The invention relates to a method for extracting aligned sentences from Laos-Chinese chapter level aligned linguistic data, in particular to a method for extracting aligned sentences from Laos-Chinese chapter level aligned linguistic data based on an LSTM (Long Short-Term Memory network), and belongs to the technical field of natural language processing and machine learning.

Background

The bilingual corpus is an important basic resource in research fields such as statistical machine translation, cross-language retrieval, bilingual dictionary construction and the like, and the quantity and quality of the bilingual corpus influence and even determine the final result of a related task to a great extent. The mining of the parallel sentence pairs is a key technology for constructing bilingual corpus, so that the method has important research value. In many cases, bilingual corpus is available, but the resulting text is usually not aligned in sentence units, e.g., some aligned in paragraphs or in whole articles. In this case, it is necessary to extract parallel sentence pairs by arranging these corpora, which are not aligned in units of sentences, into a sentence alignment format.

Disclosure of Invention

The technical problem to be solved by the invention is as follows: the method for extracting the aligned sentences from the aligned linguistic data of Laos-Chinese chapter levels is used for extracting the aligned sentences from the aligned linguistic data of the Chinese-Laos, and can effectively improve the accuracy of sentence alignment.

The technical scheme adopted by the invention is as follows: a method for extracting aligned sentences from Laos-Chinese chapter level aligned linguistic data comprises the following steps:

step1, performing noise processing on the Chinese-old bilingual corpus by using a regular expression through python codes, and then performing data set division on the aligned segments, wherein the aligned training set accounts for 90%, and the out-of-order test set accounts for 10%;

step2, counting the different phrases in the training set and the sentences in the testing set and the occurrence frequency of each phrase according to the sentences in the training set and the testing set, and calculating the word vectors of the sentences through word-embedding;

step3, using the word vectors obtained by Step2 as the input of the LSTM algorithm, namely using the LSTM algorithm as an encoder part at the moment, using the word vectors as the input of an encoder end, and performing similarity calculation on the encoder part through the initialization vector of the LSTM algorithm;

step4, outputting each word vector through an encoder part, and solving semantic codes C of each sentence word vector through a softmax function to form a vector sequence;

step5, taking the vector sequence obtained in Step4 as the initial input of the decoder part, adding an Attention mechanism in the decoder part, and during decoding, selectively selecting a subset from the vector sequence of the semantic code C in each Step for further processing; therefore, in the decoder part, the output of each moment is used as the input of the next moment, and each output can fully utilize the information carried by the input sequence, and so on until the end;

step6, calculating the similarity between the encoder and the decoder to obtain the sentence word vector with the highest similarity, and forming the sentence by the word vector, thereby completing the extraction of the Chinese-old bilingual aligned sentence from the aligned chapter-level corpus.

Specifically, the aligned segment in Step1 is the aligned discourse material after being subjected to noise processing.

Specifically, Step2 performs sentence segmentation on the initial chapter-level aligned corpus through python coding, realizes the segmentation of single sentence Laos sentences and Chinese sentences through codes, and counts the number of words.

Specifically, the specific steps of Step3 are as follows:

inputting the divided sentences, dividing the sentences into words, inputting the words as input after word-embedding into an LSTM, and obtaining hidden layer information h through a hidden layer₁，h₂,., at which time the hidden-state of the first time of the encoder portion is assumed to be Z₀(initial variables) and then using Z₀And h₁，h₂,., carrying out similarity calculation to obtain a at each moment₁₀,a₂₀,a₃₀,…a_ijWherein, the subscript i of a represents the subscript of hidden layer information in the encoder, and the subscript j of a represents the subscript of initial variables of the neural network.
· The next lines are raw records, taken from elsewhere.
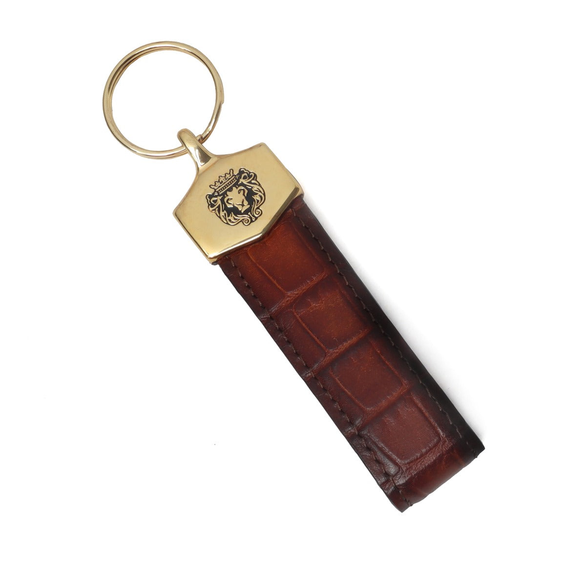 Brown Croco Textured Leather Elegant Brune & Bareskin Keychain
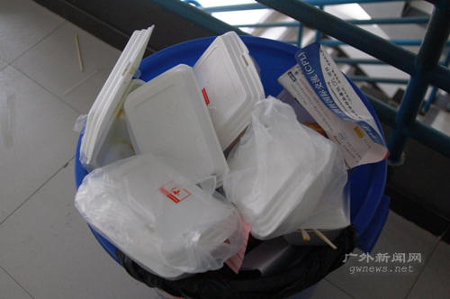 记者看到,一次性饭盒在校园中随处可见,成了校园白色污染的罪魁祸首。炎热夏天到来,这种情况更为明显。饭盒中的剩菜残羹由于长时间暴露在空气中,产生化学反应后散发出异味,并易滋生蚊虫。
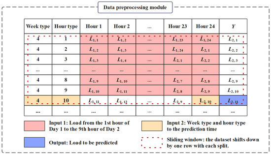 - 33 h loads before hour t: The loads from the 33 h preceding the forecast hour t serve as the first part of the input. A sliding partition method is applied: each row of load data covers a continuous 24 h span. For example, the first row contains 24 load values from 00:00 to 24:00 on 1 January; the second row contains 24 values from 01:00 on 1 January to 01:00 on 2 January, and so forth. The first 10 rows constructed in this way are used as the first input for prediction model.
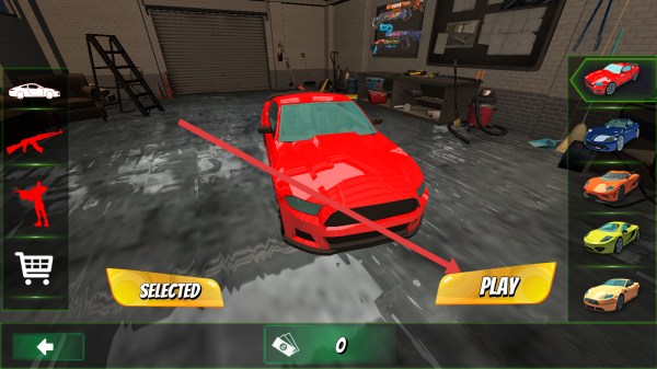 2、选红色载具,通过点击【PLAY】,选择驾驶车辆,在城市中执行任务,推进游戏进程。

In particular, said Step5 enables one input for each decoding Step in the decoder stage, for all hidden layer information h of the input sequence₁,h₂,…h_tWeighted summation is carried out, namely hidden layer information of all input sequences is seen each time when the next word is predicted, the most relevant word between the current word and the input sequence is determined when the current word is predicted, and the Attention mechanism represents that a vector C of a context is input each time in a decoder stage_iHiding new state S of the layer_iAccording to the state S of the previous step_i-1,Y_i,C_iA non-linear function of the three, as shown in formula (1), wherein C_iIs the weighted average sum of the output states at each moment of the encoder stage, and the solving mode is formula (2), S_i-1,Y_iRespectively, the predicted values of the previous state and the previous output of the decoder stage, where h_jFor each time instant of the encoder phase, output state, a_ijH corresponding to input i of each decoder stage_jThe weight value of (2);

S_i＝F(S_i-1，Y_i，C_i) (1)

specifically, Step6 completes the extraction of the aligned sentences of the Chinese-old bilingual from the aligned chapter-level corpus by composing the sentences with word vectors after the similarity calculation.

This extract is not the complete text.